Hello all. Celebrating day 12 today, on what feels like a very different journey towards sobriety from all my previous attempts.
I have struggled with alcohol addiction for 3 decades and have made some dreadful and terrifying life choices over the years. I have tried moderation (a definite no no for me, as one was never enough) counselling, therapy, rehab, the AA…pretty much everything that it was suggested I try.

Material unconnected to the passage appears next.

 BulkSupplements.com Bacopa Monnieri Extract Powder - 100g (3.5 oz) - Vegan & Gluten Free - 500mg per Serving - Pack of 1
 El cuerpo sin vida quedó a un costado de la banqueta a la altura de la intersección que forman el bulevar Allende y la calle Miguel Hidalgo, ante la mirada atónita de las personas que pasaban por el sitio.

Just before Christmas, my husband was diagnosed with cancer, and my first reaction was, OK lets research everything we can and do what we need to do to get you through this and come out the other side. Then…a lightbulb moment. Why have I never actually invested time and energy in finding out everything I absolutely can about my condition? Academic papers, blogs, books, podcasts, anything that looks at the biological, psychological, physical, mental and the whole spectrum of addiction knowledge, that can go some way to breaking down and explaining why I am an addict, and why I have never been able live the life I really want to live, without sabotaging everything.
So, this is how I am spending my energies at the moment, that, and realising that it is so important to have a support network of like-minded folk (I really believe you have to be an addict to understand their struggles and achievements) to engage with. This is my first go at joining online communities, but reading the stories here, I already feel comfortable, and I am excited to learn from you all and hear about your own journeys.
Well you definitely have a great attitude and thats awesome about doing the research, have you come across anything that really stood out, that you would recommend??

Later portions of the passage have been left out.